As they started toward the lobby, Eve turned in the direction of shouting, saw a man struggling against the two uniforms who held him back.
After passing the evidence bag to Peabody, Eve crossed over to the barricade. “What’s the problem?”
“Lieutenant, this guy—”
“Darlene! Let me through, goddamn it, I need to see Darlene. The media flash said— Darli!”
“Who are you?”
He stopped fighting long enough to catch his wind, but his eyes remained wild. “I’m Henry Boyle. I’m Darlene Fitzwilliams’s fiancé. Let me through.”
“Mr. Boyle, I’m Lieutenant Dallas. You need to calm down and come with me.”
“I want to see Darlene.”
Eve nodded to the uniforms, who let Henry through the barricade.

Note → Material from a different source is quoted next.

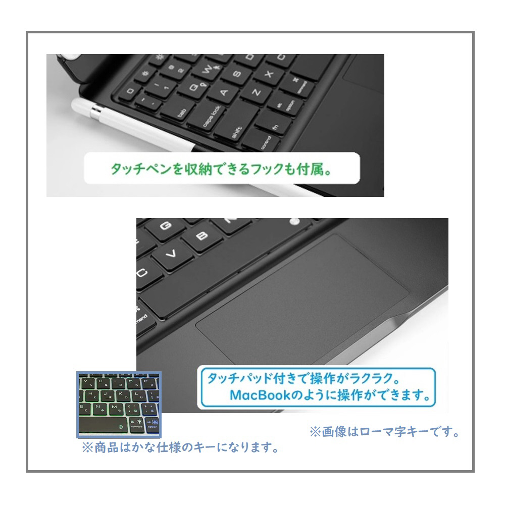 ※タッチパッド仕様のため、iPad本体設定>アクセシビリティ>AssistiveTouch>マウスキー「ON」になっていることを必ずご確認ください。

“I want to know what’s going on. I need to—” He stopped dead, every ounce of color leaching from his face as he saw the body bag being lifted into the back of the dead wagon. “Who is that? What’s happening?”
Eve took a firm grip on his arm, pulled him toward the lobby doors and inside. She took him to the far side, ordered him to sit.
“Go up, get started,” she told Peabody. “I’ll take him. When the sweepers get here, make sure they take that recorder, get it to the lab.”
“Are you sure you want him? He’s going to break.”
“Yeah. I got it.” She dragged over another chair, sat facing Henry Boyle.